PERICOLI PRIMARI: Inoculazione parenterale accidentale, esposizione di membrane mucose a nuclei di gocce o aerosol infettivi e ingestione Nota 15.
PERICOLI SPECIALI: Nessuno.
Sezione VII – CONTROLLI DELL’ESPOSIZIONE / PROTEZIONE PERSONALE
CLASSIFICAZIONE GRUPPO DI RISCHIO: Gruppo di rischio 2 Nota in calce 18.
Requisiti di contenimento: Strutture, attrezzature e pratiche operative di contenimento di livello 2 per lavori che coinvolgono materiali, animali o colture infettivi o potenzialmente infettivi.
ABBIGLIAMENTO PROTETTIVO: Camice da laboratorio. Guanti quando è inevitabile il contatto diretto della pelle con materiali o animali infetti. La protezione degli occhi deve essere usata quando c’è un rischio noto o potenziale di esposizione a schizzi.
ALTRE PRECAUZIONI: Tutte le procedure che possono produrre aerosol, o che coinvolgono alte concentrazioni o grandi volumi dovrebbero essere condotte in un armadio di sicurezza biologica (BSC). L’uso di aghi, siringhe e altri oggetti taglienti dovrebbe essere strettamente limitato. Ulteriori precauzioni dovrebbero essere considerate nel caso di lavori che coinvolgono animali o attività su larga scala Nota 19.

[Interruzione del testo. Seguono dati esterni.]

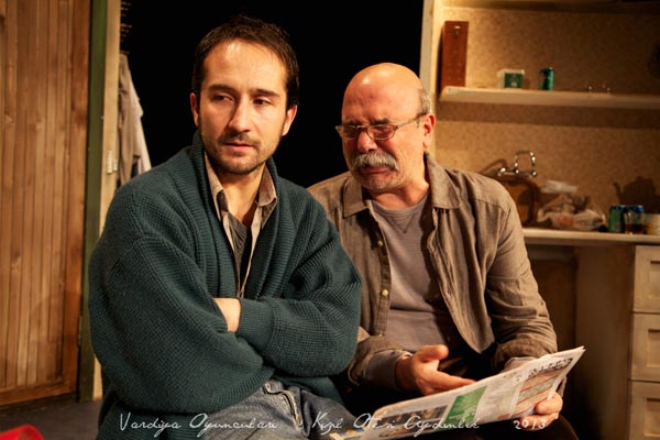 AG: Tabii ki heyecanlanırsın, her oyunda heyecanlanırım ben. Dozunda tutulursa kişinin oyuna daha fazla girmesini sağlayan bir heyecandır. Prömiyerde şöyle bir şey dedik: ne işimiz var burda, niye kalkıştık bu işe? Ben bunu 30 küsür yıldır söylüyorum. Ne işim var burada siyasalda okumuşum, gidip Vali ol, vs ol dediğim çok oldu benim. Bir de prömiyerde üzerimizde yeni bir tiyatronun, Vardiya Oyuncuları’nın ekstra heyecanı da vardı. Cihan’a da söyledim, yeni kurulan bir tiyatronun ilk repliğini sen söylüyorsun. Benim adıma heyecan verici başka bir şey de aslında ben 6 yıldır sahneye çıkmıyordum. En son 2007’nin baharında Ankara’da sahneye çıkmıştım. Çok mutluyum tekrar sahneye döndüğüme.

Sezione VIII – MANIPOLAZIONE E CONSERVAZIONE
SPILLS: Lasciare depositare gli aerosol e, indossando indumenti protettivi, coprire delicatamente la fuoriuscita con carta assorbente e applicare un disinfettante appropriato, iniziando dal perimetro e lavorando verso il centro. Lasciare un tempo di contatto sufficiente prima di pulire.
DISPOSIZIONE: Decontaminare tutti i rifiuti che contengono o sono venuti a contatto con l’organismo infettivo tramite autoclave, disinfezione chimica, irradiazione gamma o incenerimento prima dello smaltimento.
STOCCAGGIO: Tutti i materiali infettivi devono essere conservati in contenitori a prova di perdite e adeguatamente etichettati.
Sezione IX – INFORMAZIONI REGOLAMENTARI E ALTRE INFORMAZIONI
INFORMAZIONI REGOLAMENTARI: L’importazione, il trasporto e l’uso di agenti patogeni in Canada sono regolati da molti enti normativi, tra cui l’Agenzia per la salute pubblica del Canada, Health Canada, Canadian Food Inspection Agency, Environment Canada e Transport Canada. Gli utenti hanno la responsabilità di assicurarsi di essere conformi a tutti gli atti, regolamenti, linee guida e standard pertinenti.
AGGIORNATO: Settembre 2011
PREPARATO DA: Pathogen Regulation Directorate, Public Health Agency of Canada
Anche se le informazioni, le opinioni e le raccomandazioni contenute in questa scheda di sicurezza degli agenti patogeni sono compilate da fonti ritenute affidabili, non ci assumiamo alcuna responsabilità per l’accuratezza, la sufficienza o l’affidabilità o per qualsiasi perdita o danno derivante dall’uso delle informazioni. I pericoli scoperti di recente sono frequenti e queste informazioni potrebbero non essere completamente aggiornate.